--- THE INPUT Enclosed Below ---

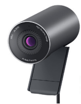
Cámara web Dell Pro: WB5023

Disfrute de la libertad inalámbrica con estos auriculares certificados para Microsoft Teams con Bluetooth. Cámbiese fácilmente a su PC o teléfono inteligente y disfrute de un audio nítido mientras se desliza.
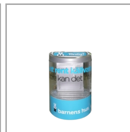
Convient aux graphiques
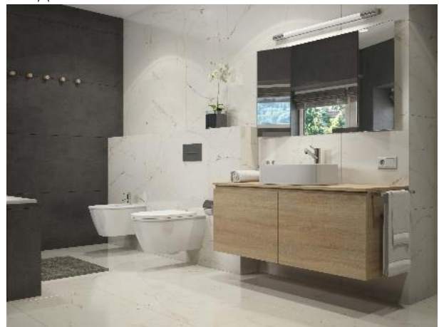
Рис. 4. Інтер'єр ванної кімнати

--- End of Enclosed THE INPUT ---
--- THE INPUT Enclosed Below ---

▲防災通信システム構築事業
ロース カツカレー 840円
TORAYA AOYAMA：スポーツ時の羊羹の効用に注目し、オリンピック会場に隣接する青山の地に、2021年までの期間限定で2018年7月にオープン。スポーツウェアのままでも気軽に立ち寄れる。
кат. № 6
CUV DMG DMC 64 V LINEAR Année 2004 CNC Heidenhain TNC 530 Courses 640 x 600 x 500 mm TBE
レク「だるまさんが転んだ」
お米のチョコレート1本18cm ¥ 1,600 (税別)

--- End of Enclosed THE INPUT ---

In the listing above, find the line with "Cámara web Dell Pro: WB5023" and the line with "Рис. 4. Інтер'єр ванної кімнати". Transcribe those two and everything between, exactly, leaving out pictures.

## ANSWER SPACE
Cámara web Dell Pro: WB5023

Disfrute de la libertad inalámbrica con estos auriculares certificados para Microsoft Teams con Bluetooth. Cámbiese fácilmente a su PC o teléfono inteligente y disfrute de un audio nítido mientras se desliza.
Convient aux graphiques
Рис. 4. Інтер'єр ванної кімнати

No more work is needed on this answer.